Hegseth personally intervened to remove nine Navy officers from a promotion list that had already been approved by a board of senior admirals. This followed his earlier removal of four Army colonels — two women and two Black men — who were slated to become one-star generals. Separately, Hegseth made efforts to get his own senior military aide onto the Navy promotion list, despite that aide not meeting the required criteria such as heading a major command. Three officials told the NYT that Hegseth’s chief of staff explicitly told Army Secretary Driscoll that “President Trump would not want to stand next to a Black female officer at military events.”


7. Trump Airport Merch Grift & IRS Audit Immunity — Forever

On the airport: While the Trump Organization agreed not to receive royalties from sales at the airport itself, airport retailers that want to sell merchandise using the airport name must source those products through vendors designated by Trump’s company. A non-exclusivity clause leaves an opening for the Trump family to sell airport-branded items off-site for profit.
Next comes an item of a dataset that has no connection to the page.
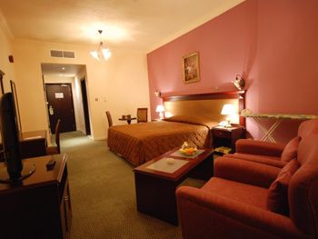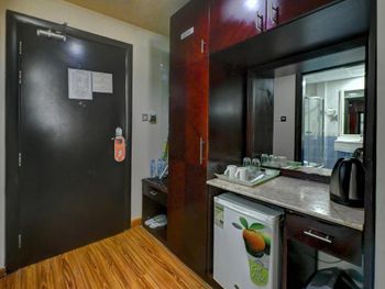 Просторная комната,кондиционер хороший,уборка тщательная,персонал приветливый.В номере холодильник,чайник с чаем/кофе, бесплатная вода-2 бутылки в день,гладильная доска с утюгом.

County commissioners were told that failure to approve the agreement could put state transportation funding at risk.

On the IRS: The DOJ issued an order permanently barring the IRS from auditing past tax returns of Trump, his family, and related companies — part of a settlement that also created a nearly $1.8 billion fund. Acting AG Todd Blanche ordered the IRS to permanently end all current and possible audits and inquiries into the Trump family. The settlement drew criticism from Democrats, Republicans, and the judge overseeing the case for its unprecedented circumstances.